As far as we can ascertain, most of the 62 cases of wheat transgenics submitted to the GMO regulatory authorities in China were generated by the biolistics method. Although each GM event is risk-assessed individually regardless of the mode of transformation, for experiments in contained environments and for small-scale research trials to demonstrate gene function where no material will enter the food or feed chains, less emphasis is placed on the precise molecular insertion patterns and biolistic methods are deemed appropriate.
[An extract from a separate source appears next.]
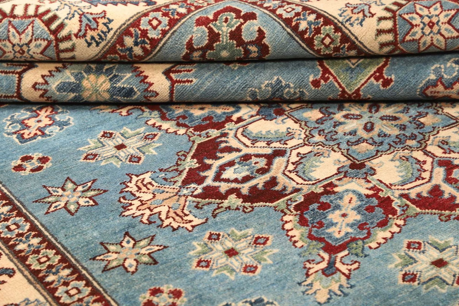 Die hohe Knotendichte dieses Teppichs zeugt von hervorragender Handwerkskunst und Sorgfalt, die in jeden einzelnen Knoten eingeflossen ist. Diese Technik sorgt nicht nur für eine ansprechende Optik, sondern auch für die Langlebigkeit des Teppichs. Der Kazak Orientteppich ist ideal für stark frequentierte Bereiche und behält dennoch seine Schönheit über viele Jahre hinweg.

However, the full commercialization of selected gene constructions would require the generation of new events with simple, low copy number, ‘clean’ insertions with little or no redundant sequences or marker genes, and demonstrated stability of the insert over several generations. In addition, a thorough assessment would need to be carried out on the potential risks posed by the plant to human health and the environment.

Challenges

Following the recent activities of companies such as Monsanto, Syngenta, and Bayer CropScience, GM wheat appears to be back on the agribusiness agenda, at least in the major biotech crop-growing regions of the world. Although China has made some progress in GM wheat in recent years, it faces the challenge of increasing wheat yield stability to feed its large population under a changing climate and increasing pressure on agricultural land. Technical hurdles also remain in aspects such as the establishment of a high throughput wheat transformation platform, the development of elite wheat varieties without deleterious selection marker genes, and the introduction of a minimal backbone or no bacterial DNA sequences, enacting responsible, rigorous, and feasible regulatory systems and the issues involving intellectual property rights and social and market acceptance of GM wheat products.
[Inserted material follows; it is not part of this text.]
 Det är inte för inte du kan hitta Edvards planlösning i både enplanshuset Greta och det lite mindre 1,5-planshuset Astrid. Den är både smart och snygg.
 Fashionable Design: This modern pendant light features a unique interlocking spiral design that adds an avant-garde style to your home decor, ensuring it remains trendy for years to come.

Establishment of a precise, marker-free, and high throughput wheat transformation platform is essential

The potential for employing Agrobacterium-mediated transformation methods to achieve candidate commercial lines has been well documented, although additional tests are needed to demonstrate that no vector backbone had been inserted, especially the sequence near the left border of T-DNA (Hanson et al., 1999; Shibata and Liu, 2000; Rommens, 2004; Wu et al., 2006). To address this, the development of suitable vectors for Agrobacterium-mediated transformation is essential. The pCLEAN vectors developed by Dr Phillip Vain’s group at the John Innes Centre, UK, could serve as a model to eliminate both the redundant sequences and the selectable marker genes. The pCLEAN vectors are based on the widely used pGreen/pSoup system (Hellens et al., 2000), and have been designed to enable the delivery of multiple transgenes from distinct T-DNAs and/or vector backbone sequences while minimizing the insertion of superfluous DNA sequences into the plant nuclear genome as well as facilitating the production of marker-free plants. Compared with other vectors currently in use, pCLEAN vectors contain a minimal T-DNA (102 nucleotides) consisting of direct border repeats surrounding a 52-nucleotide-long multiple cloning site, an optimized left-border sequence, a double left-border sequence, restriction sites outside the borders, and two independent T-DNAs. In addition, selectable and/or reporter genes have been inserted into the vector backbone sequence to allow either the counter-screening of backbone transfer or its exploitation for the production of marker-free plants. Analysis of stably transformed tobacco and rice plants demonstrated that the pCLEAN dual binary vector system enabled the efficient delivery of a range of DNA fragments from single to multiple T-DNAs without vector backbone sequences and selection markers into the nuclear genome of mono- and dicotyledonous species (Thole et al., 2007). Researchers in CAAS have further developed the pCLEAN vector series to give a more robust gateway system and with additional left borders. Testing the efficacy of this vector system in wheat is underway. Successful application of the pCLEAN vector series in wheat could establish a versatile platform that can contribute to the further development of precise wheat transformation technologies.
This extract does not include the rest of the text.